You need the actual coordinates of the non-zero markers, to compute the distance between them:
>>> import numpy as np
>>> from scipy.spatial.distance import squareform, pdist
>>> a = np.array([[1, 0, 1],
... [0, 0, 0],
... [0, 0, 1]])
>>> np.where(a)
(array([0, 0, 2]), array([0, 2, 2]))
>>> x,y = np.where(a)
>>> coords = np.vstack((x,y)).T
>>> coords
array([[0, 0], # That's the coordinate of the "1" in the top left,
[0, 2], # top right,
[2, 2]]) # and bottom right.
Next you want to calculate the distance between these points. You use pdist for this, like so:
>>> dists = pdist(coords) * 10 # Uses the Euclidean distance metric by default.
>>> squareform(dists)
array([[ 0. , 20. , 28.28427125],
[ 20. , 0. , 20. ],
[ 28.28427125, 20. , 0. ]])
In this last matrix, you will find (above the diagonal), the distance between each marked point in a and another coordinate. In this case, you had 3 coordinates, so it gives you the distance between node 0 (a[0,0]) and node 1 (a[0,2]), node 0 and node 2 (a[2,2]) and finally between node 1 and node 2. To put it in different words, if S = squareform(dists), then S[i,j] returns the distance between the coordinates on row i of coords and row j.
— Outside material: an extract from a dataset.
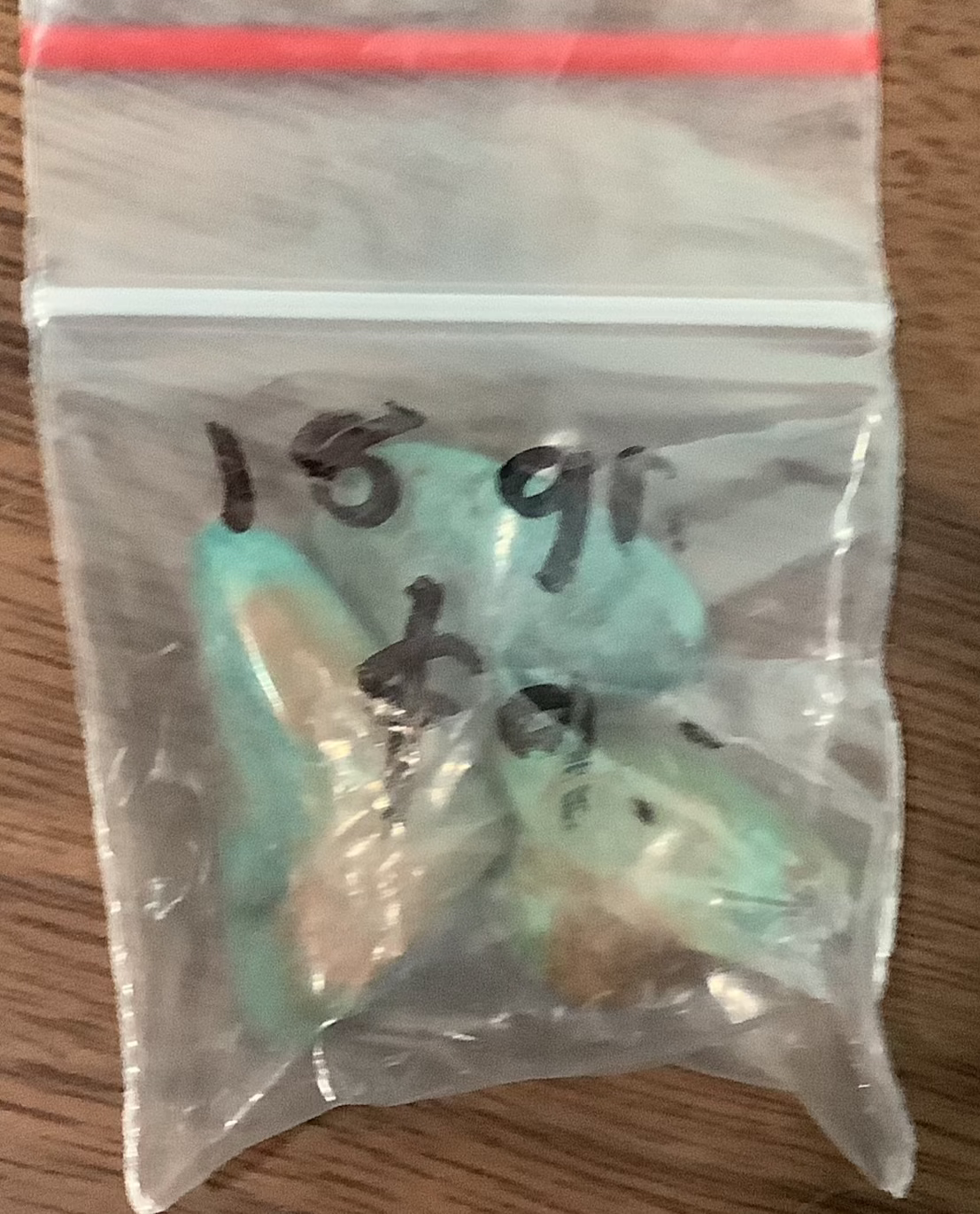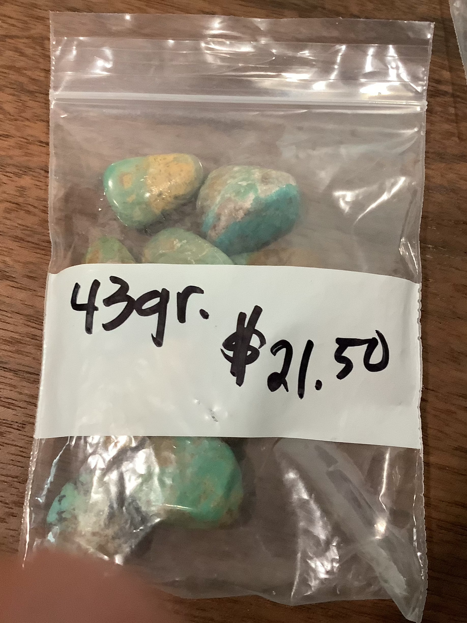 Bisbee Turquoise nuggets (and one piece of Kingman turquoise). Just a few sets left. Prices are when these were bought about 10 years ago.... so you know the rest of that story. Price is about 4 times what it was then based on what I just researched... but these just need a new home.

Just the values in the upper triangle of that last matrix are also present in the variable dist, from which you can derive the mean easily, without having to perform the relatively expensive calculation of the squareform (shown here just for demonstration purposes):
>>> dists
array([ 20. , 28.2842712, 20. ])
>>> dists.mean()
22.761423749153966
Remark that your computed solution "looks" nearly correct (aside from a factor of 2), because of the example you chose. What pdist does, is it takes the Euclidean distance between the first point in the n-dimensional space and the second and then between the first and the third and so on. In your example, that means, it computes the distance between a point on row 0: that point has coordinates in 3 dimensional space given by [1,0,1]. The 2nd point is [0,0,0]. The Euclidean distance between those two sqrt(2)~1.4. Then, the distance between the first and the 3rd coordinate (the last row in a), is only 1. Finally, the distance between the 2nd coordinate (row 1: [0,0,0]) and the 3rd (last row, row 2: [0,0,1]) is also 1. So remember, pdist interprets its first argument as a stack of coordinates in n-dimensional space, n being the number of elements in the tuple of each node.